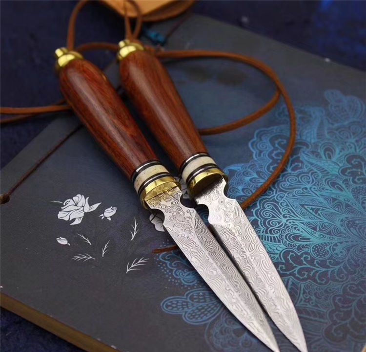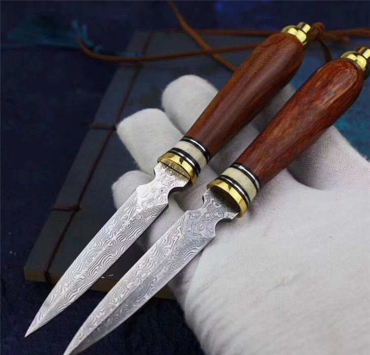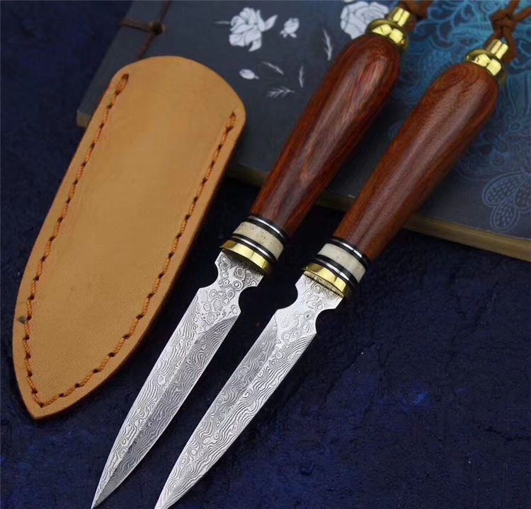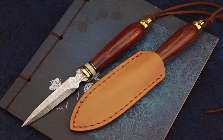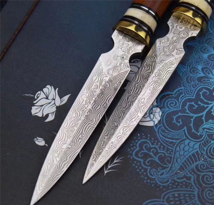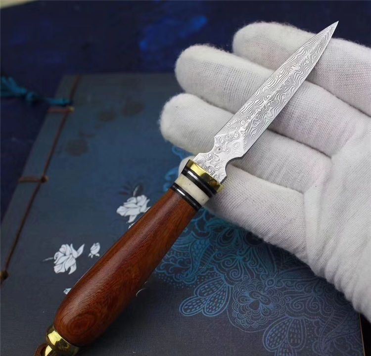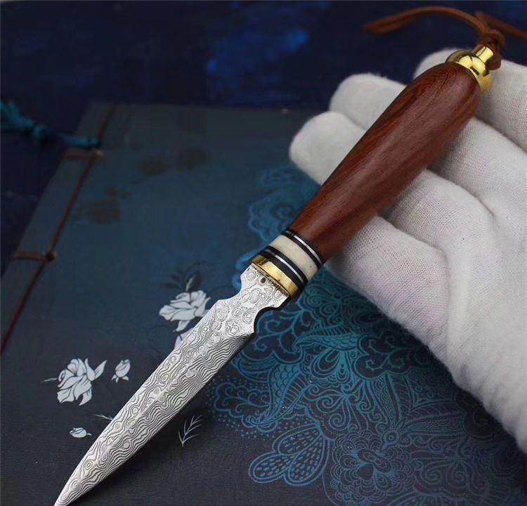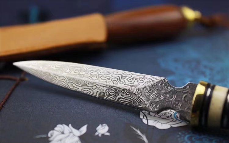 新款萧大马士革茶刀 全长:17cm 刃长:7.6cm 柄长:9.5cm 刃材:无钢芯大马士革钢(85层) 刃厚:3mm 刃最宽处:1.3cm 硬度:58-59HRC 手柄材质:黄铜+精选牛骨+红酸枝木 包装:配高级礼盒+皮套 极致的纯手工制作,款式潇湘大气,采用85层无钢芯大马士革钢,祥云花纹独一无二,钢料厚度3mm、资深老师傅制造出品质量有保证,【萧】是普洱饼茶、砖茶、沱茶等紧压茶的撬取神器佳品送朋友、送领导、家居必备单品
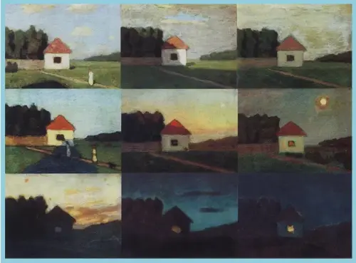 Н. - От времени суток, от погоды, от освещения, от многого другого. Чтобы обобщить свой опыт в 1934 году Николай Крымов для своих студентов пишет учебный пейзаж таблицу «Изменения в пейзаже по тону и цвету в разное время суток». Небольшой пейзаж. Белый дом с красной крышей, рядом с ним поляна, вдали лес. И всё это повторяется в ясный день, в пасмурный день, на закате, поздним вечером, в лунную ночь. Всего 9 раз. Для учеников Крымова было открытием, что окно, написанное коричневым цветом на тёмном фоне картины, будет светиться.
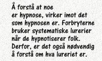 Jeg har lurt på hva alle disse forskjellige påvirkningene mot meg til slutt skulle ha blitt. Jeg har tenkt på at jeg ikke kan forstå nøyaktig hva det presise målet er. Nå forstår jeg at det presise målet aldri ble gjort. Personen som påvirket meg i 1975, gjorde ikke ferdig påvirkningen mot meg. Derfor, vet jeg ikke nøyaktig hva den endelige og viktigste påvirkningen over meg skulle ha vært. Hva det var; var noe han ikke gjorde, fordi han tenkte at jeg hadde sovnet. Jeg tenker at det var fordi, det var det eneste han visste om, at det kunne være, som hadde hendt med meg. Jeg tenker på at alle de forskjellige påvirkningene mot meg, skulle ha hatt en presis og nøyaktig hensikt. Men hva det var; var noe som aldri ble gjort. Så når jeg ikke forstår hva det er, er det fordi det ikke ble gjort. Jeg tenker det skulle ha vært definert et mål, med alle påvirkningene mot meg, som om jeg gradvis skulle ha nærmet meg blinken i skyteskiva. Før jeg hadde nådd frem til det målet, kunne det kanskje være at jeg kunne ha beveget meg i sikksakk, spunnet rundt, gått frem og tilbake, osv. Dette er hvordan jeg tenker at det kan være, at det var ment å bli. Men jeg vet ikke hva det skulle ha vært. Det er umulig for meg å finne ut mer, om hva forbryterne har gjort mot meg. Det de har gjort mot meg, er å lure meg. Forbryterne har ikke informert meg om hva de gjør; derfor vet ikke jeg det. Jeg vet bare noen få ting. For meg, forklarer vitenen om hva forbryterne gjør, hva det er som foregår i verden i dag. Jeg tenker at andre også kan få den samme forståelsen; at vitenen om hva forbryterne gjør, forklarer hva som foregår i verden i dag. ▪ Da jeg lå og hørte på hva forbryterne snakket om, når de trodde jeg sov i 1975, tenkte jeg: “De snakker om kriger. De lager kriger. Dette er noe ingen vet om. De gjør noe forferdelig.” Dette er noe viktig. Jeg fikk et tydelig inntrykk av at disse krigene var noe viktig for dem. De påvirker alle andre til å kjempe mot hverandre, for å vinne deres egen krig på den måten. Deres egen situasjon er at de slapper av, og sitter og ser på hvordan de har fått alle til å kjempe mot hverandre. Jeg tenker at de angriper menneskehetens utvikling av kunnskap og forståelse. Den kunnskapen jeg tenker på, er kunnskapen som har å gjøre med menneskene og våre samfunn. Utviklingen av kunnskapen på dette området, utviklet seg samtidig med utviklingen av kunnskapene på alle andre områder. Det var en situasjon fra 1900, som begynte før den tiden, som; som et hele, utviklet vår kunnskap på alle områder. Dette er at forbryterne angriper menneskeheten. Det er at de ønsker å ha makten over menneskeheten. Det er mulig å forstå; at hvordan forbryterne ønsker å ha makten over menneskeheten, det er ikke noe annet enn en veldig alvorlig forbrytelse. Det er mulig å forstå at alt de gjør er feil; hver enkelt ting av det, og det hele av det. Forbryterne lager kriger der alle de stridende partene er deres fiender. Forbryterne er alle partenes skjulte fiende. Forbryterne har utviklet en metode der de påvirker oss alle, til å lage alle slags konflikter, fordi de ønsker å vinne mot oss alle. Jeg tenker forbryterne ikke bryr seg om meg, og ikke tenker på meg mer. Det er nå 41 år siden dette ble gjort mot meg. Jeg tenker, at de tenker, at jeg bare har blitt mer og mer ødelagt. Påvirkningen av meg mislyktes. Jeg tenker at de ikke ønsker å tenke på det. Jeg tenker at de ønsker å bry seg om andre ting, som de lykkes med å gjøre. ▪ Det er nødvendig å avsløre disse forbryterne. De er passive. De kjemper ikke mot oss med våpen. De påvirker oss til å kjempe mot hverandre med våpen. Derfor, er dette en passiv og farlig fiende. Det er nødvendig å finne ut om dem; det er hva det er, som er farlig for dem. Disse forbryterne angriper oss ikke med vanlige våpen. De gjør noe annet; som vi må finne ut om, forstå, og gjøre noe med på en fornuftig måte. Disse forbryterne er ikke et land eller en kjent statsmakt. De er bare noen mennesker som vi ikke vet om hva gjør. Fordi forbryterne har skjulte mål bak hva de har påvirket oss alle til å gjøre, på forskjellige måter; er det nødvendig for oss å slutte å gjøre det disse forbryterne har påvirket oss til å gjøre. Vi må begynne å finne ut om dem, istedenfor å gjøre det de ønsker. De har lurt oss alle, det er sannheten. Deres påvirkninger er også ekstremt sterke, det er også sannheten. Når vi forstår om dem, da er det mulig for oss alle å begynne å lure dem. Samtidig, er det viktig at vi slutter å gjøre alle de uriktige tingene, som de ønsker, at vi skal gjøre. En av deres lurerier er, at de har påvirket oss til å tro, at det de har påvirket oss til å gjøre, er riktig å gjøre. Det lureriet er basert på; av vi mangler nok viten, og ikke vet, at det vi tenker vi vet, er noe feil. Forbryterne har påvirket oss alle til å gjøre feil på forskjellige måter. Jeg tenker at det, som har hendt med meg, kan hende med alle menneskene i verden; at alle får en motreaksjon mot disse påvirkningene i seg selv. Denne motreaksjonen vil bli sterkere og sterkere, etter at den har begynt. Før vi vet noe, er denne motreaksjonen ingenting. Etter at vi vet noe, vil denne motreaksjonen bli mer og mer. Vi er ikke fiender; vi har bare blitt ofre for det forbryterne gjør. Vi har bare blitt ofre for noe vi ikke har visst. Når forbryterne vet noe om oss, som vi ikke vet; da kan de si til hverandre, at vi er dumme. Når vi vet noe om forbryterne, som de ikke vet; da kan vi si til hverandre, at de er dumme. Det beste vil være, at alle de forskjellige menneskene i verden, finner en måte å komme i kontakt med hverandre på. Og så; at vi alle begynner å finne ut om disse forbryterne, så det blir mulig for oss å finne dem. Vi alle har bare vært ofre for deres forbrytelser, på forskjellige måter; det er noe vi alle har til felles. Det er sannheten om dette. F
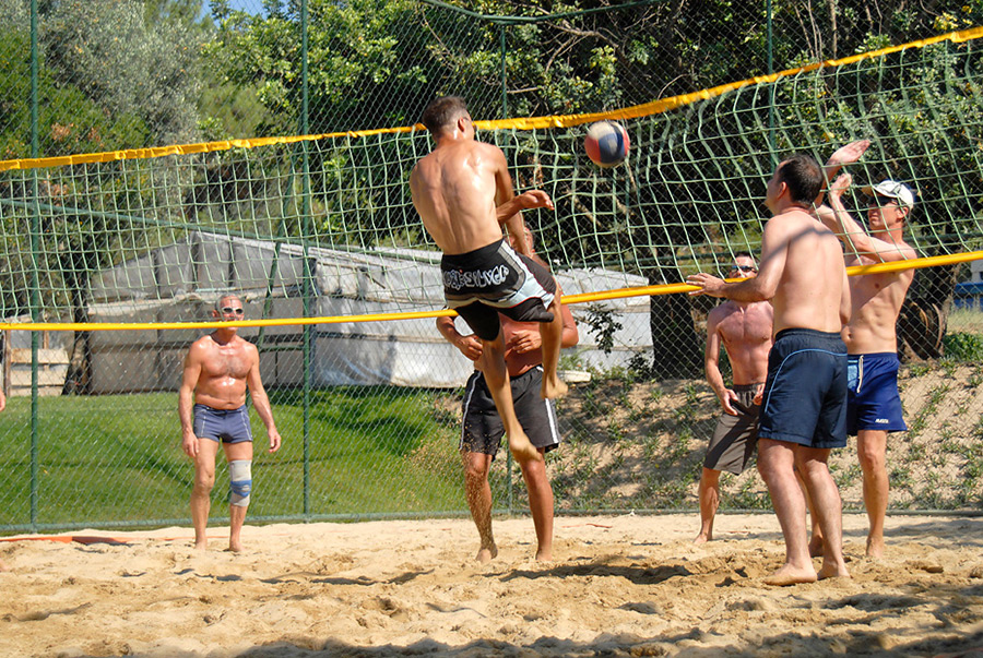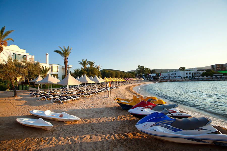 Плаж: собствен, пясък и платформа. Чадъри, шезлонги, матраци, плажни кърпи – безплатно.

- [Work to be completed] Retype each line of the data exactly, beginning with the first; include the line containing "Н. - От времени" and stop there, skipping every picture.

- [Finished exercise]
 新款萧大马士革茶刀 全长:17cm 刃长:7.6cm 柄长:9.5cm 刃材:无钢芯大马士革钢(85层) 刃厚:3mm 刃最宽处:1.3cm 硬度:58-59HRC 手柄材质:黄铜+精选牛骨+红酸枝木 包装:配高级礼盒+皮套 极致的纯手工制作,款式潇湘大气,采用85层无钢芯大马士革钢,祥云花纹独一无二,钢料厚度3mm、资深老师傅制造出品质量有保证,【萧】是普洱饼茶、砖茶、沱茶等紧压茶的撬取神器佳品送朋友、送领导、家居必备单品
 Н. - От времени суток, от погоды, от освещения, от многого другого. Чтобы обобщить свой опыт в 1934 году Николай Крымов для своих студентов пишет учебный пейзаж таблицу «Изменения в пейзаже по тону и цвету в разное время суток». Небольшой пейзаж. Белый дом с красной крышей, рядом с ним поляна, вдали лес. И всё это повторяется в ясный день, в пасмурный день, на закате, поздним вечером, в лунную ночь. Всего 9 раз. Для учеников Крымова было открытием, что окно, написанное коричневым цветом на тёмном фоне картины, будет светиться.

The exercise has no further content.